Sometimes I feel like New Orleans’ cuisine is attendant, like Tom Sawyer, at its own funeral: bewildered in the rafters, looking down on the casket. Cuisine devout as an old lady, massaging rosary on the rocking chair; defending a past that makes her present impossible. The church of tradition—we bathe in the tepid water because it is calm, comforting, easy; this city may be as alive as ever, but we’re still eating dead tradition. Why? The entire paradigm is overlooked—salvation arrives from below, not above—and without a healthy economy of small food producers, grocers, and farmers, nobody will survive or evolve—this saturation, this cuisine, however grand, is so old that it now appears new. Like Columbus falling off the flat face of a round world, the idea so hyper-modern it’ll leave you two steps behind where you left. It’s not about what is coming; it’s about where it’s coming from: heed the narrative, not the Narcissus.

 

But bubbles burst, on the surface. They travel away from the flotsam, resilient in their delicacy, evicted by gravity; sent to the lips of the fracas.

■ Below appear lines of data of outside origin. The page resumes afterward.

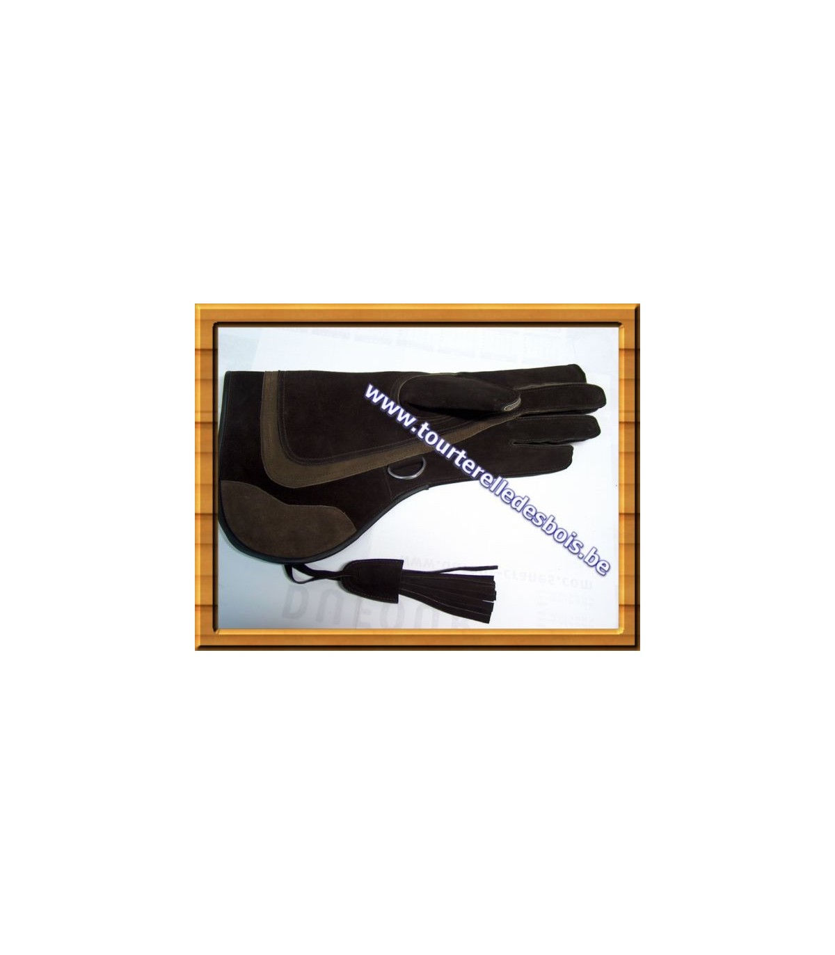 Gant de fauconnerie en cuir suédé de couleur brun.
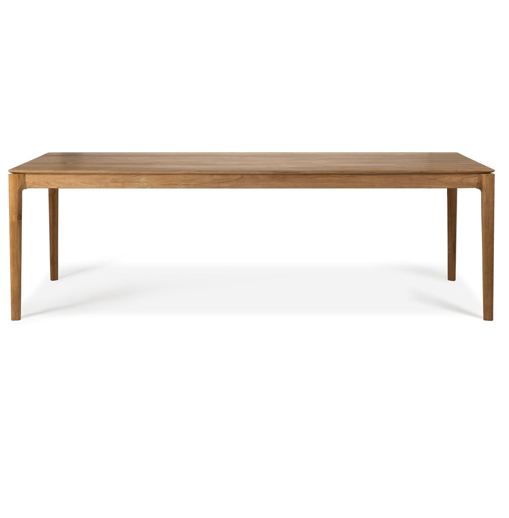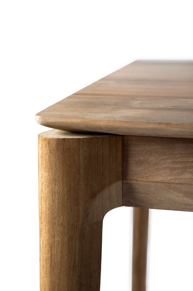 The Teak Bok Dining Table is a 10 seater and has warm neutral tones, while the clean lines and sculptural legs lend themselves to a contemporary feel. Made of solid Teak with a floating-look top and uniquely designed legs based on a mid-century twist. This product is made using sustainable and responsible wood and is FSC certified.
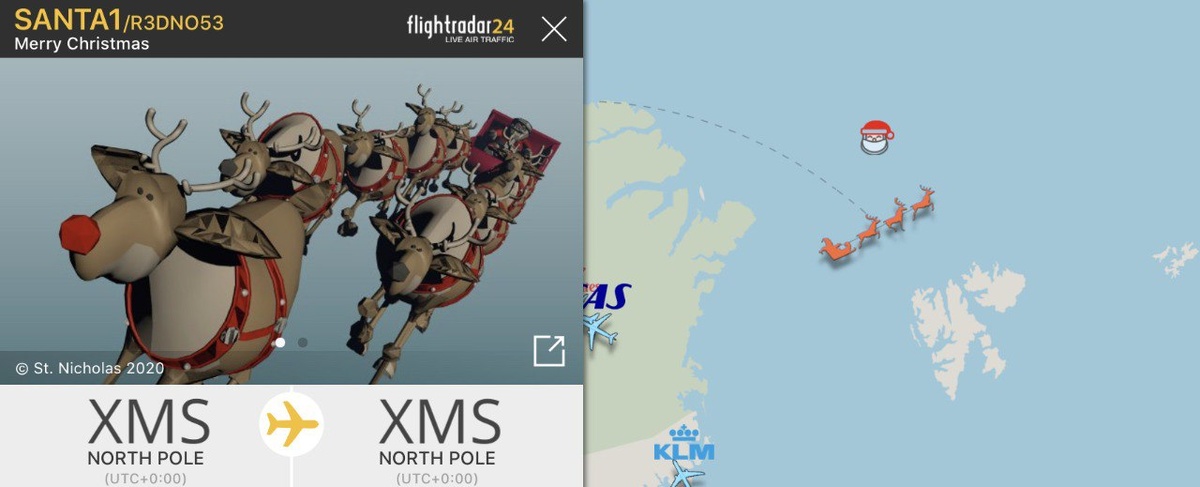 ✨ 🎅Санта-Клауса «поймали» на радарах: сервис Flightradar начал отслеживать его передвижения по небу накануне Рождества в западных странах. Найти Санту можно по иконке упряжки — он вылетел с Северного полюса и уже возвращается обратно. Если кликнуть на «рейс», на экране начнется снегопад. https://www.flightradar24.com/

Things are changing, if we so desire to control that change. There is exasperation, as I have experienced, when the expectation is top-down. Change flows, incongruent with gravity, like the blood of a tree, upwards from the bottom. Roots nourish the growth of leaves, and soil dictates the health of roots: one tree does not make a forest.

 

Like the spokes on a wheel, the centrifugal force will propel a momentum that is guaranteed to turn such weight. And, if ten years ago, or ten months ago, we couldn’t see the spokes but could fell the momentum…well, now the points in time are beginning to emerge like stars at twilight. The clarity at times may be merciless, and the pseudo-momentum is nauseating, but the truth is the re-invention of the wheel is beside the point. It is a problem of ontology, of communication, of nurturing the very carbon of a public food system: food is only as good as the people who make it. Let’s put some muscle on the flesh.